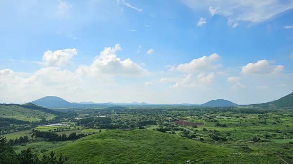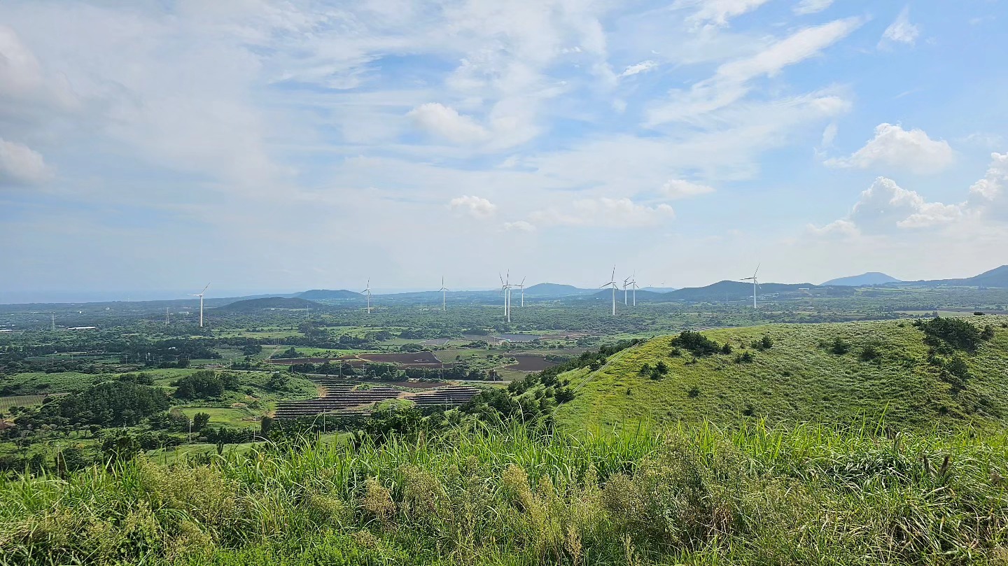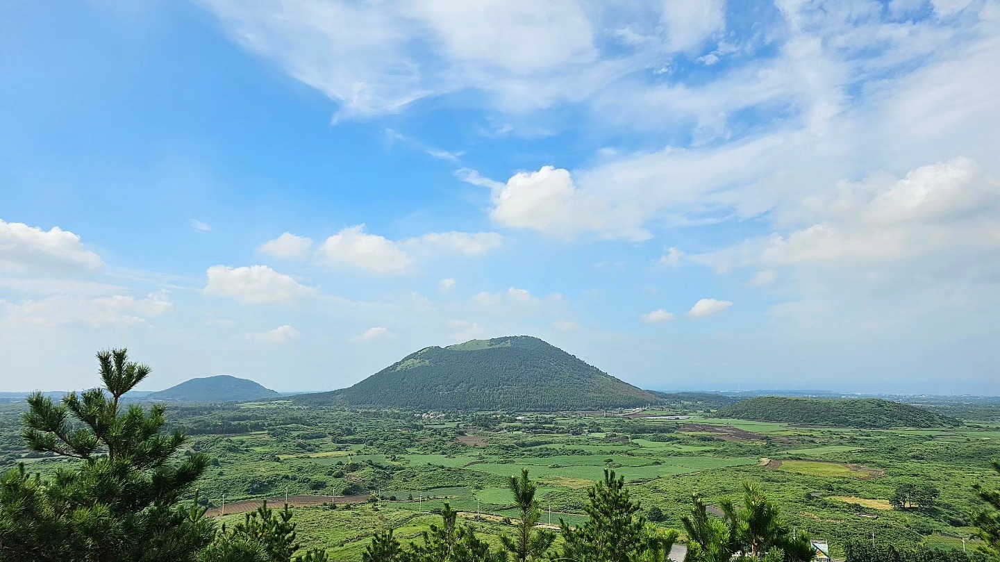 정상에 올라서면 ‘와!’ 하고 감탄사가 절로 나와요. 커다란 분화구가 마치 용의 눈처럼 움푹 파여 있고, 그 안은 초록빛 초원으로 가득해요. 멀리 제주 바다와 마을까지 한눈에 들어와서 사진 찍기에도 완벽한 장소랍니다. 특히 해 질 녘에는 황금빛 햇살이 분화구를 물들이며 환상적인 분위기를 만들어 줘요🌅.
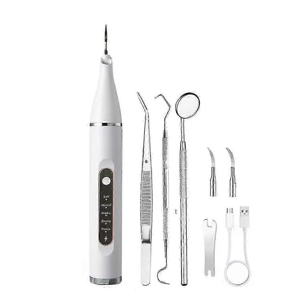 Dog Plaque And Tartar Remover, Ultrasonic Teeth Cleaner For And Cats, Ultrasonic Dental Kit, Dental ULTRASONIC PLAQUE AND TARTAR REMOVER FOR PETS - This product uses ultrasonic technology, not a motor, to safely remove plaque, tartar and stains from your pet's teeth. It utilizes high-frequency vibrations (up to 40,000 Hz) to efficiently clean the teeth, ensuring a cleaner, healthier dental condition for your pets.SAFE FOR GUMS, PAIN FREE AND EASY TO USE - The cleaner comes with a specially designed tip and latest ultrasonic technology that only activates when touching teeth or other hard surfaces to protect your pet's , making it a pain-free alternative to traditional dental cleanings. sign allows for effortless maneuvering, even in hard-to-reach areas.SAVES TIME AND MONEY - Use pet dental cleaner once every 3 to 4 months or as often as needed can your pet's dental health just brushing their teeth or feeding your pets dental chews. This cleaner can the trips to the vet and hundreds of a year by helping your pet keeping a healthy dental condition and preventing periodontal disease with the least effort.5 CLEANING MODES & LED LIGHT & 4-PIECE PROFESSIONAL DENTAL CLEANING KIT - The device works on 5 different modes. You can adjust the mode with one push on the button according to the hardness of your pet's plaque and tartar. Built-in LED light at the top of the device provides better visibility in your pet's mouth, making it easier to target areas with tartar buildup.NO MORE STINKY BREATH - With the use of this product, you can reduce your pet's in-mouth bacterial buildup by removing plaque and hardened tartar. This improves your pet's breath and overall dental health. As a device designed to be used Colour:WhiteMaterial:PlasticSize:18cmPackage Contents:1 set * Dog Plaque and Tartar RemoverOnly the above package content, other products are not included.Note: Light reflection and different displays may cause the color of the item in the picture a little different from the real thing. The measurement allowed error is +/- 1-3cm.
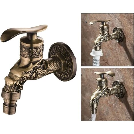 【Antique Bibcock décoratif】Intégré construction peut prévenir les fuites d’eau efficacement. Peut être utilisé en salle de bains, balcon, cuisine, piscine, jardin, évier, machine à laver, etc.
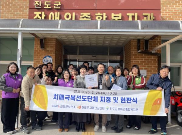 [한국제일신문, 윤진성기자] 진도군 보건소(치매안심센터)는 치매파트너를 양성하고 지역자원을 연계하기 위해 지난 2월 26일, 진도군장애인종합복지관을 치매극복선도단체로 신규 지정하고 복지관에서 현판식을 진행했다.

**Exercise goal**
Restate word for word only the lines that run from the line holding "à laver, etc." to the end of the data, both ends kept, leaving every picture out.

**Answer box**
 【Antique Bibcock décoratif】Intégré construction peut prévenir les fuites d’eau efficacement. Peut être utilisé en salle de bains, balcon, cuisine, piscine, jardin, évier, machine à laver, etc.
 [한국제일신문, 윤진성기자] 진도군 보건소(치매안심센터)는 치매파트너를 양성하고 지역자원을 연계하기 위해 지난 2월 26일, 진도군장애인종합복지관을 치매극복선도단체로 신규 지정하고 복지관에서 현판식을 진행했다.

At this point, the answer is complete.